Mary Schweitzer has produced a very good petition which focuses on the vital importance of selecting a cohort of patients who actually have ME – and the imperative of having ME experts who genuinely understand the condition to ensure this happens.

Another petition (from ME Action) emphasises the importance of placing patients at the centre of the study design process. There has been a lot of lip service paid to this by the NIH and the teleconference was reassuring to some, but all this time into the planning, there is still nothing formal in place. The NIH have said that they want to be partners with patients. They need to work out how to put an arrangement in place to achieve this as soon as possible. This petition also summarises the various other issues which need to be addressed, including the Lyme Cohort, another strange choice of control group considering the difficulty in diagnosing Lyme and the controversy concerning Chronic Lyme, a condition often confused with ME yet whose very existence is in dispute. ME itself is complex and controversial enough. Why make things more difficult by adding in yet another controversial condition? The Lyme cohort has been explained on the grounds of ‘convenience’. But how is it convenient to add in another – entirely unnecessary – element of controversy and complexity?

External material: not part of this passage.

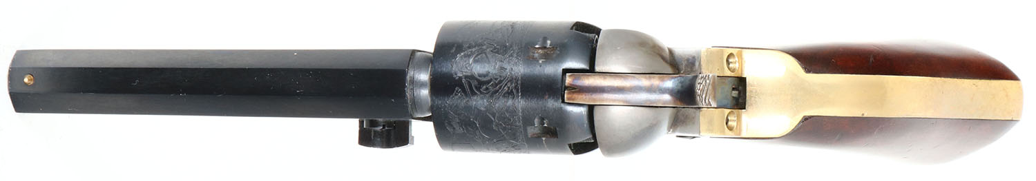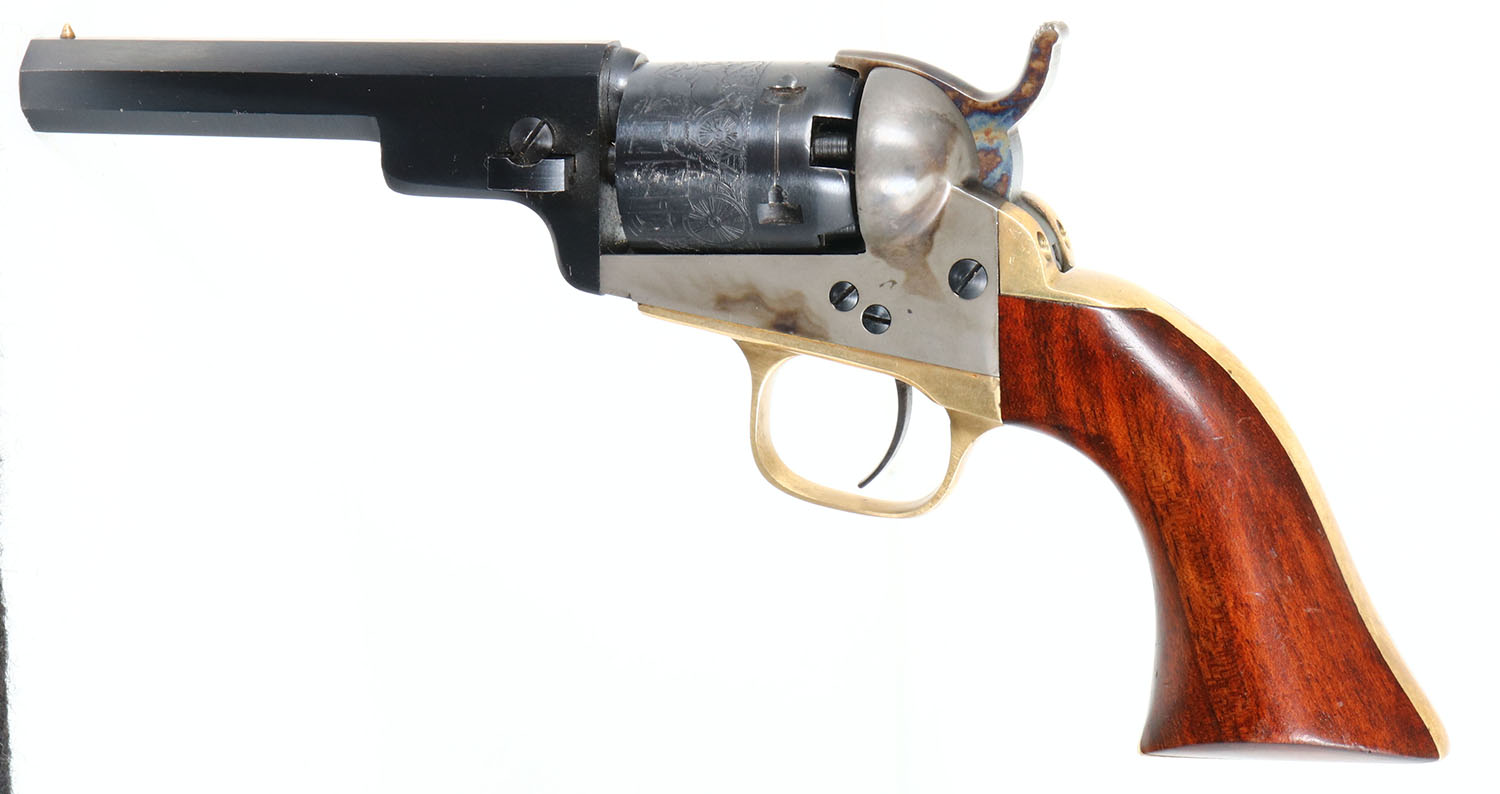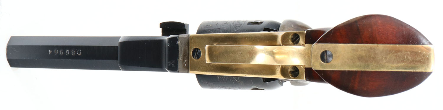 ASM, 1849 Pocket Replica, CAL: 31, MFG: Modern, SN: D86964, Single Action Black Powder Revolver, 4'' barrel. The wood grips are excellent, with minor handling marks. The cylinder displays a stagecaoch scence. The metal blue finish on the barrel & cylinder rates 98%. The frame & hammer are case-hardened. The frame has worn to metal grey, with cas-color shadows remaining & the hammer still has vivid case colors. The trigger guard & backstrap are polished brass. Bore is excellent. The barrel holds a small inverted cone front sight. Black Powder, No FFL Req. - Value: 150 to 350

If you haven’t already signed these petitions, please consider doing so. If you’ve already signed one, please consider also signing the other. Between them, they’ve got most things covered. The more who sign them, the louder our voices become.

In his editorial on the PACE Trial, Trevor Butterworth observes: “Patients need to be much more closely involved in the research process. You would think, following the transformational role played by patient groups in changing the way HIV/AIDS trials were designed, that patients would be seen as partners in research: they have, after all, an inside knowledge of their own suffering—histories that can be richly mined by researchers who are not lifetime experts in the disease. Patients come to research with a fundamentally different perspective to scientists; as Julie Rehmeyer puts it, their question is, “How does this new research fit or fail to fit with my experience?” Reaction to PACE from patients was that it did not—and that kind of reaction should not have been summarily dismissed.”

What was true for PACE is equally true for the NIH Study. The last thing any of us want is another PACE debacle. It is time for researchers to listen to patients – and for us to make sure we put our voices out there. They say they want to listen. We need to make sure we speak.

Note: There’s also a very detailed summary of the numerous problems with the NIH study in this post by ME Advocacy.

Update: This post has been slightly amended to clarify Dr Walitt’s job title and the role of the ‘experts’ mentioned.